Use case: Let staff access Google Workspace

A common use case for SAML v2.0 is to allow your internal staff to access and use the applications provided by Google Workspace, such as Google Docs and Google Sheets. This section highlights how AM provides the solution.

In this scenario, Google acts as the SP, and AM acts as the IDP for a hypothetical organization, Example.com.

  1. In AM, an administrative user configures an AM instance as the IDP.

  2. The administrative user then configures Google Workspace as a remote SP and provides the values that Google requires to use AM as its IDP. For example, the login and logout URLs, profile management URLs, and validation certificate.

  3. The Google Workspace administrator enters the provided URLs and certificate into the Google Workspace Admin console for the domain being configured.

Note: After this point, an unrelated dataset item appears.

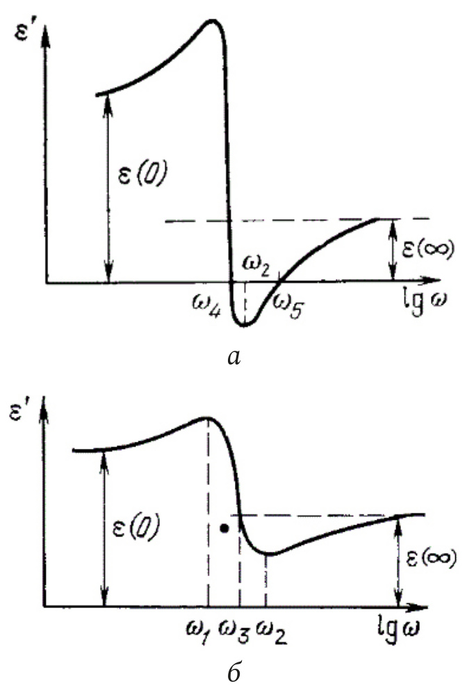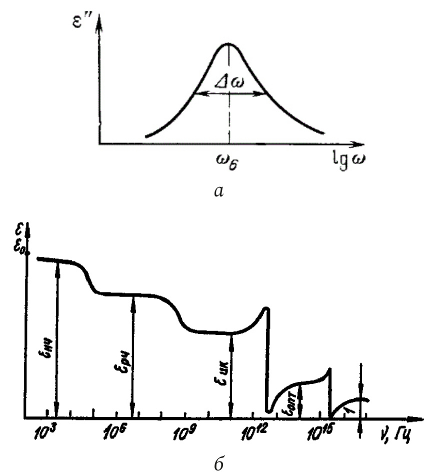 Рис. 11. Теоретическая частотная зависимость ε, характеризующая диэлектрические вкладов различных механизмов поляризации и их запаздывание (взято из [12])

  4. After configuration is complete, users attempting to access a Google Workspace service will be asked for their corporate email address:

    Provide Google with your corporate email address, so the relevant IDP can be determined.
  5. Based on the domain of the email address, Google redirects the user to sign in to AM, acting as the IDP:

    Log in to your corporate account at Example.com, with AM acting as the IDP.
  6. After successfully authenticating with AM, the user is redirected back to the Google Workspace application, for example, Google Docs.

    Google, acting as the SP, creates a federated identity in its systems to manage local account options, such as privacy settings. The user can now access any of the Google Workspace apps, by authenticating to the IDP using their corporate Example.com account:

    Google Docs showing a federated identity authenticated by AM, the trusted IDP.